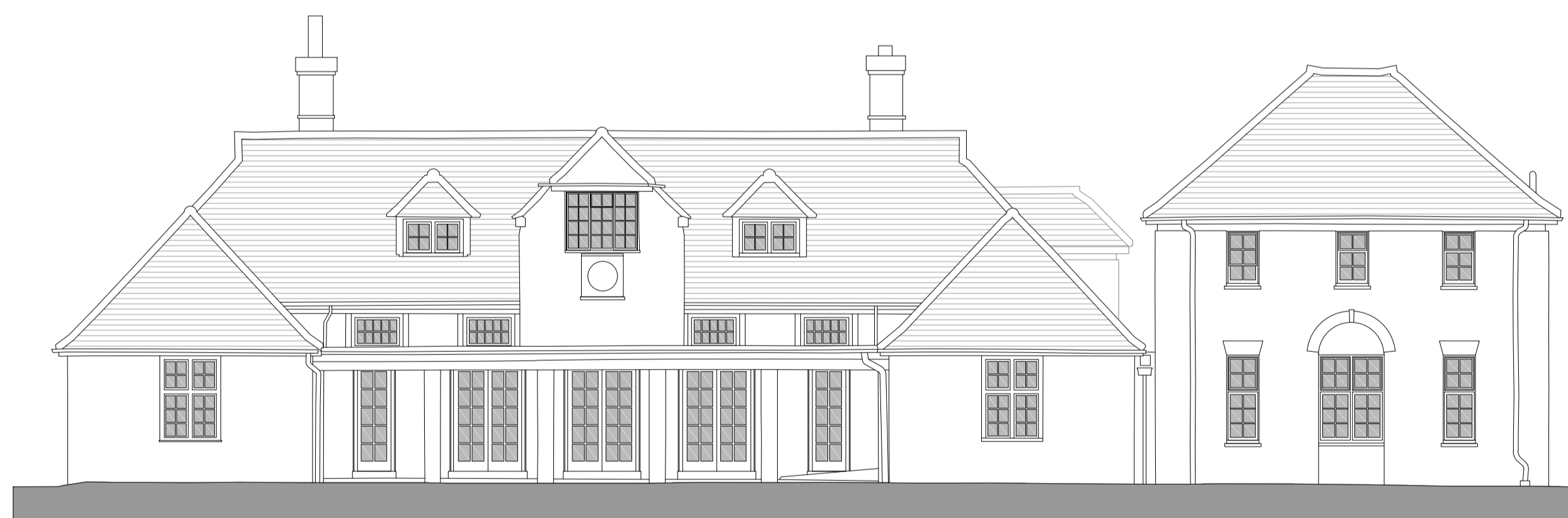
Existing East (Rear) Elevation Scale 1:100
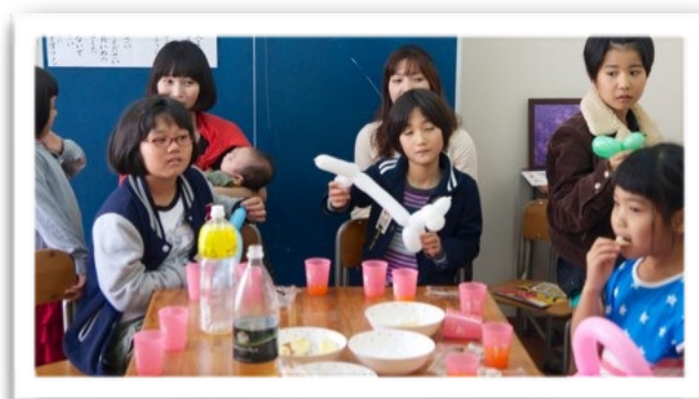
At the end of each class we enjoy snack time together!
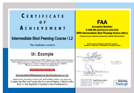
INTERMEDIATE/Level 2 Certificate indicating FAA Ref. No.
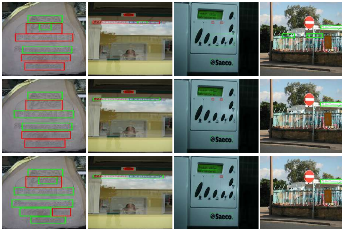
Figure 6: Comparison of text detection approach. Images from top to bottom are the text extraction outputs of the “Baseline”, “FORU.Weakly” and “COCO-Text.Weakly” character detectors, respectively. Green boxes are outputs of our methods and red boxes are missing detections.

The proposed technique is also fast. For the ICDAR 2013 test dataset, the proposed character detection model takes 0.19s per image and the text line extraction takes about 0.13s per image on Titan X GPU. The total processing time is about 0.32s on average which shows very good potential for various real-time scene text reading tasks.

# # #

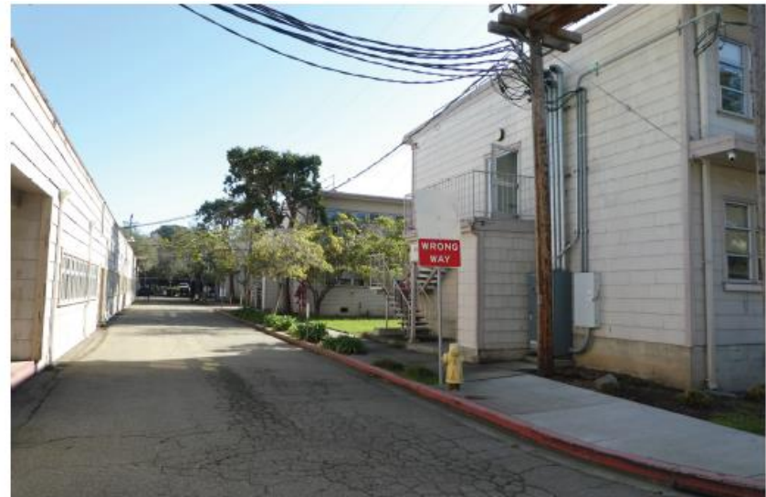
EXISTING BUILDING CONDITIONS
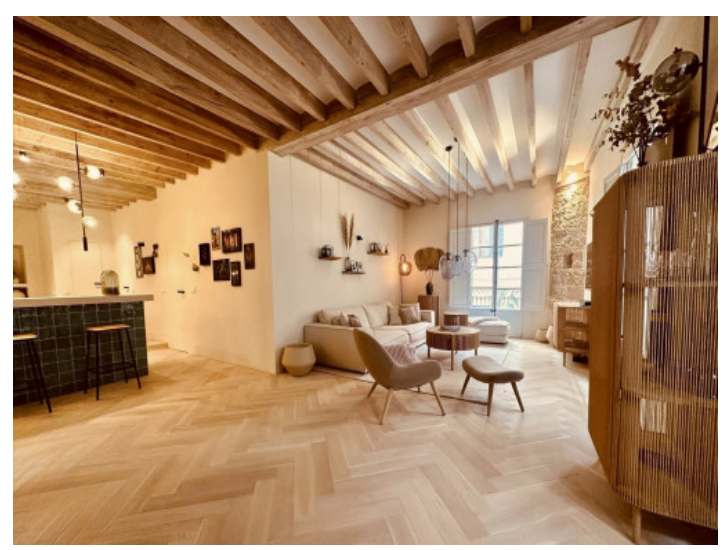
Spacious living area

# # #

Work instructions —
All lines of the listing holding the string "time" must be returned, copied as they stand.

Your response —
At the end of each class we enjoy snack time together!
The proposed technique is also fast. For the ICDAR 2013 test dataset, the proposed character detection model takes 0.19s per image and the text line extraction takes about 0.13s per image on Titan X GPU. The total processing time is about 0.32s on average which shows very good potential for various real-time scene text reading tasks.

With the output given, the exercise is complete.